▶ **Required action**
Everything from the line holding "調味料が沸騰したら魚を入れま" through the last line of the data, and nothing else, should be retyped exactly, with no pictures.

▶ **Information shown**
----
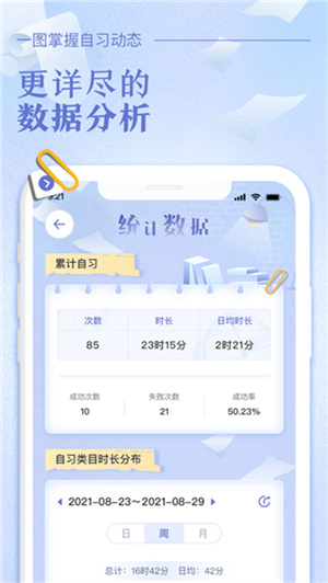 -清晰展示你的日/周/月专注时长、打卡次数等
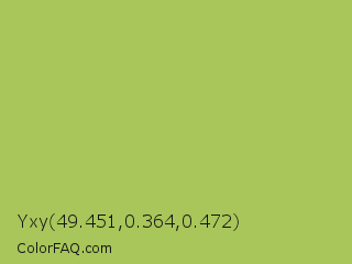 Yxy 49.451,0.364,0.472 Color is a normal lime color and the nearest color is Middle Green Yellow #acbf60. Hex code #a8c65a and RGB value is rgb(168,198,90). In RGB color space, this color is composed of 66% red, 78% green, 35% blue, In CMYK color space, this color is composed of 15% cyan, 0% magenta, 55% yellow , 22% black , In HSL color space, this color has a hue angle of 77° , 49% saturation and 56% lightness.
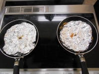 調味料が沸騰したら魚を入れます。 落し蓋(アルミホイル)をします。20分煮込んだら出来上がり!!
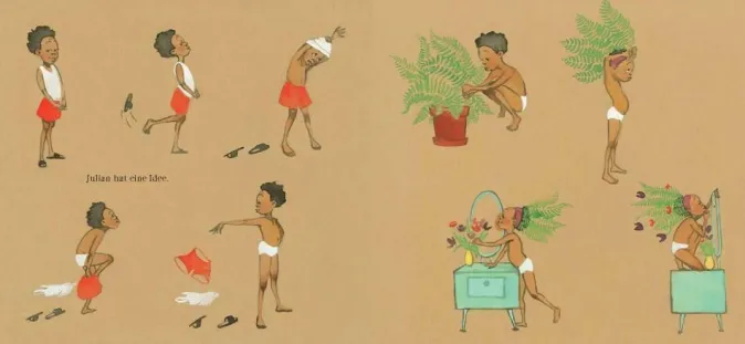 Julian liebt Meerjungfrauen – er wäre am liebsten selbst eine. Als er auf der Heimfahrt in der U-Bahn drei als Meerjungfrauen verkleidete Frauen mit farbenfroh aufgetürmten Haaren und schillernden Fischschwänzen sieht, ist der Junge völlig hingerissen. Auch zu Hause kann er an nichts anderes denken und verkleidet sich mit einem gelben Vorhang und Farnblättern selbst als Nixe. Und zum Glück hat er eine Großmutter, die ihn genauso akzeptiert, wie er ist! Dieses farbgewaltige Bilderbuch, das mit wenigen Worten auskommt, verströmt bei Lesen Wärme und wahre Freude. Mit zarter und doch überwältigender Bildsprache erobert Julian die Herzen seiner Leser im Sturm. Ein herausragendes Bilderbuch über Individualität, Diversität und Vielfalt!
----
▶ **Written response**
 調味料が沸騰したら魚を入れます。 落し蓋(アルミホイル)をします。20分煮込んだら出来上がり!!
 Julian liebt Meerjungfrauen – er wäre am liebsten selbst eine. Als er auf der Heimfahrt in der U-Bahn drei als Meerjungfrauen verkleidete Frauen mit farbenfroh aufgetürmten Haaren und schillernden Fischschwänzen sieht, ist der Junge völlig hingerissen. Auch zu Hause kann er an nichts anderes denken und verkleidet sich mit einem gelben Vorhang und Farnblättern selbst als Nixe. Und zum Glück hat er eine Großmutter, die ihn genauso akzeptiert, wie er ist! Dieses farbgewaltige Bilderbuch, das mit wenigen Worten auskommt, verströmt bei Lesen Wärme und wahre Freude. Mit zarter und doch überwältigender Bildsprache erobert Julian die Herzen seiner Leser im Sturm. Ein herausragendes Bilderbuch über Individualität, Diversität und Vielfalt!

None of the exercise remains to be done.